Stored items

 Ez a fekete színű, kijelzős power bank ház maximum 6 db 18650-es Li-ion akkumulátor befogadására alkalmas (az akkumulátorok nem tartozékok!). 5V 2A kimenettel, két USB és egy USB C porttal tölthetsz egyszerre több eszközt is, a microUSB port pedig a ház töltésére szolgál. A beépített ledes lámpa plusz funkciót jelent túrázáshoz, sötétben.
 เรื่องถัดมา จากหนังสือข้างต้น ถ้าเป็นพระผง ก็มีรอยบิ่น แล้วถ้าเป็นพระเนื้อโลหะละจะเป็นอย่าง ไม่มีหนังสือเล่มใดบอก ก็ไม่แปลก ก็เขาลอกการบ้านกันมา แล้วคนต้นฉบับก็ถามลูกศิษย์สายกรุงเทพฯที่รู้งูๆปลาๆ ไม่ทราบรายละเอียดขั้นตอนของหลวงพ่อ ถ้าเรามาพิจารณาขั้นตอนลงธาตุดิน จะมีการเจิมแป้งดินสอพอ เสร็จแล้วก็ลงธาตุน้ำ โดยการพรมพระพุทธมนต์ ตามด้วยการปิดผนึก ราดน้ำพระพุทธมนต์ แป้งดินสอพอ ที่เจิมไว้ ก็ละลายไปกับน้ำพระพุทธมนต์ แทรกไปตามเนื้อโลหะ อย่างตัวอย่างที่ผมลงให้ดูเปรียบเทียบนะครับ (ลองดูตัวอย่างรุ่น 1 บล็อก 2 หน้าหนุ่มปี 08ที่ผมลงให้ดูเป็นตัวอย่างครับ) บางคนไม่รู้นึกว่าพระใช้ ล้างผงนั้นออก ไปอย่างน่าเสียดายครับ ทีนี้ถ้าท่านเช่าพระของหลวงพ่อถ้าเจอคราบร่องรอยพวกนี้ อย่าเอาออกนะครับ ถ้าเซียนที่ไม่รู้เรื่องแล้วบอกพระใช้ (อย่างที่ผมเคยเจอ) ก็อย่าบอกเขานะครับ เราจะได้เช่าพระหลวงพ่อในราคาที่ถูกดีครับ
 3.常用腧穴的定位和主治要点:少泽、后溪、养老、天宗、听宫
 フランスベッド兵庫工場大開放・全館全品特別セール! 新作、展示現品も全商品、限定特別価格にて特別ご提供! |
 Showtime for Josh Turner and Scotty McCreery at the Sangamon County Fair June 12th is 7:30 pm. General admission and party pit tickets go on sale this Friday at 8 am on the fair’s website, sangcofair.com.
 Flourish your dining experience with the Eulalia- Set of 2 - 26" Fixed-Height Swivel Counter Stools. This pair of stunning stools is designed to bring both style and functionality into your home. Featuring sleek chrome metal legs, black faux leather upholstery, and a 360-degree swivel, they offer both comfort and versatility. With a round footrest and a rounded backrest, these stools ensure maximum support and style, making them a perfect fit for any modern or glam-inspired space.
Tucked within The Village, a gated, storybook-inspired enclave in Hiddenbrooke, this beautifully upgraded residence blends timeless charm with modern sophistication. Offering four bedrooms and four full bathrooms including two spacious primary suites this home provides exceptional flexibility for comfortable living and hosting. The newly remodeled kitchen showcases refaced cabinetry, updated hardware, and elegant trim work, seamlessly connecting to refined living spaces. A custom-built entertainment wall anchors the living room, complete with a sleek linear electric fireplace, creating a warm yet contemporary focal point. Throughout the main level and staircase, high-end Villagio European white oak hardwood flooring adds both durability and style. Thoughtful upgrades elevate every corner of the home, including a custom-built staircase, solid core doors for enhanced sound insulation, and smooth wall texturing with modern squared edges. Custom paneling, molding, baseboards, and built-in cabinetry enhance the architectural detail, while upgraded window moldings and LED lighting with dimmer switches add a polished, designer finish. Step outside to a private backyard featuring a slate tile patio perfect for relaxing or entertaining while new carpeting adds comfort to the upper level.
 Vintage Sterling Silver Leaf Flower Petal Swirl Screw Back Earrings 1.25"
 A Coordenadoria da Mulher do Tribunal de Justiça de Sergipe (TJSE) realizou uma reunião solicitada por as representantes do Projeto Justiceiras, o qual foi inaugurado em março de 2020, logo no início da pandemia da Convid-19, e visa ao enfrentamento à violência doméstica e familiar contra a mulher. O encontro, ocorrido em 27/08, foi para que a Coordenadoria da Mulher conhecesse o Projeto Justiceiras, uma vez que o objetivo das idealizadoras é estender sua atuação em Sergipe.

**REQUIRED ACTION:** The lines you need are those containing "maximum"; find them in the records and copy them.

**FINISHED EXERCISE:**
 Ez a fekete színű, kijelzős power bank ház maximum 6 db 18650-es Li-ion akkumulátor befogadására alkalmas (az akkumulátorok nem tartozékok!). 5V 2A kimenettel, két USB és egy USB C porttal tölthetsz egyszerre több eszközt is, a microUSB port pedig a ház töltésére szolgál. A beépített ledes lámpa plusz funkciót jelent túrázáshoz, sötétben.
 Flourish your dining experience with the Eulalia- Set of 2 - 26" Fixed-Height Swivel Counter Stools. This pair of stunning stools is designed to bring both style and functionality into your home. Featuring sleek chrome metal legs, black faux leather upholstery, and a 360-degree swivel, they offer both comfort and versatility. With a round footrest and a rounded backrest, these stools ensure maximum support and style, making them a perfect fit for any modern or glam-inspired space.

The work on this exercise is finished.